### Supplied material ###

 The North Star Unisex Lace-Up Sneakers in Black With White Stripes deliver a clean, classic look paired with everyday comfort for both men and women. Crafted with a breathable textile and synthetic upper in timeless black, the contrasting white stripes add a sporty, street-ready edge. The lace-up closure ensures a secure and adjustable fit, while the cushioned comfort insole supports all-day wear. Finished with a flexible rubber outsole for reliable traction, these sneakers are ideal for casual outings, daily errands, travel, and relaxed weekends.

###
### Supplied material ###

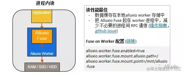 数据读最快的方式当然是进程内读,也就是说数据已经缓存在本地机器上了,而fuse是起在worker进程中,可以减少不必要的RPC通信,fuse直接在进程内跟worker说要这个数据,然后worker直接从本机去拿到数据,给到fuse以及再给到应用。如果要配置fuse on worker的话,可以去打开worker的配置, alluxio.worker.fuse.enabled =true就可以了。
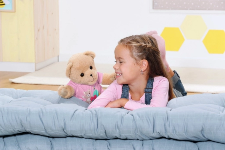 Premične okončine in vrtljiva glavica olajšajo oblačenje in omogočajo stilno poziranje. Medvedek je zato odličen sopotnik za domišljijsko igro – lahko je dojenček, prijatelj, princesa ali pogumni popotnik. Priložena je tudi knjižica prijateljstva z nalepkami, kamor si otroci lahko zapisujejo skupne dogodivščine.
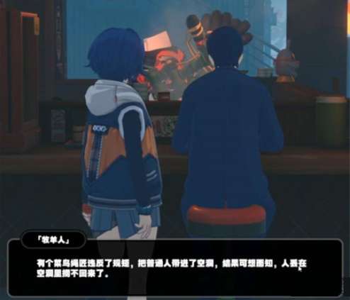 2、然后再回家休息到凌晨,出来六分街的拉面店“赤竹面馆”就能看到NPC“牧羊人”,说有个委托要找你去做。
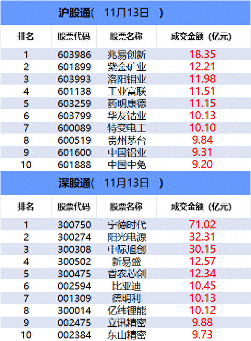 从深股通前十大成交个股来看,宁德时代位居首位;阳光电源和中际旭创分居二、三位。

###
### Supplied material ###

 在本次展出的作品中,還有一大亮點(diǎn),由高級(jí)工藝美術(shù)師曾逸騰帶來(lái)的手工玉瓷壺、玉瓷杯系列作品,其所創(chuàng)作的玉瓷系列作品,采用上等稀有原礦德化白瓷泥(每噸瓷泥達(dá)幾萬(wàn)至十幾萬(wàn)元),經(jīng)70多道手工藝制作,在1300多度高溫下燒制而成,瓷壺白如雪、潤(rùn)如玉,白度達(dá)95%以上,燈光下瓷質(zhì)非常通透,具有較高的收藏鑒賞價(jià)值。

###

Problem ▸
Give again the lines of the listing above that run from the one with "worker的话,可以去打开worker的配置, alluxio.worker.fuse.enabled =true就可以了。" up to and including the one with "从深股通前十大成交个股来看,宁德时代位居首位;阳光电源和中际旭创分居二、三位。". Keep them exact and omit the pictures.

Written reply ▸
 数据读最快的方式当然是进程内读,也就是说数据已经缓存在本地机器上了,而fuse是起在worker进程中,可以减少不必要的RPC通信,fuse直接在进程内跟worker说要这个数据,然后worker直接从本机去拿到数据,给到fuse以及再给到应用。如果要配置fuse on worker的话,可以去打开worker的配置, alluxio.worker.fuse.enabled =true就可以了。
 Premične okončine in vrtljiva glavica olajšajo oblačenje in omogočajo stilno poziranje. Medvedek je zato odličen sopotnik za domišljijsko igro – lahko je dojenček, prijatelj, princesa ali pogumni popotnik. Priložena je tudi knjižica prijateljstva z nalepkami, kamor si otroci lahko zapisujejo skupne dogodivščine.
 2、然后再回家休息到凌晨,出来六分街的拉面店“赤竹面馆”就能看到NPC“牧羊人”,说有个委托要找你去做。
 从深股通前十大成交个股来看,宁德时代位居首位;阳光电源和中际旭创分居二、三位。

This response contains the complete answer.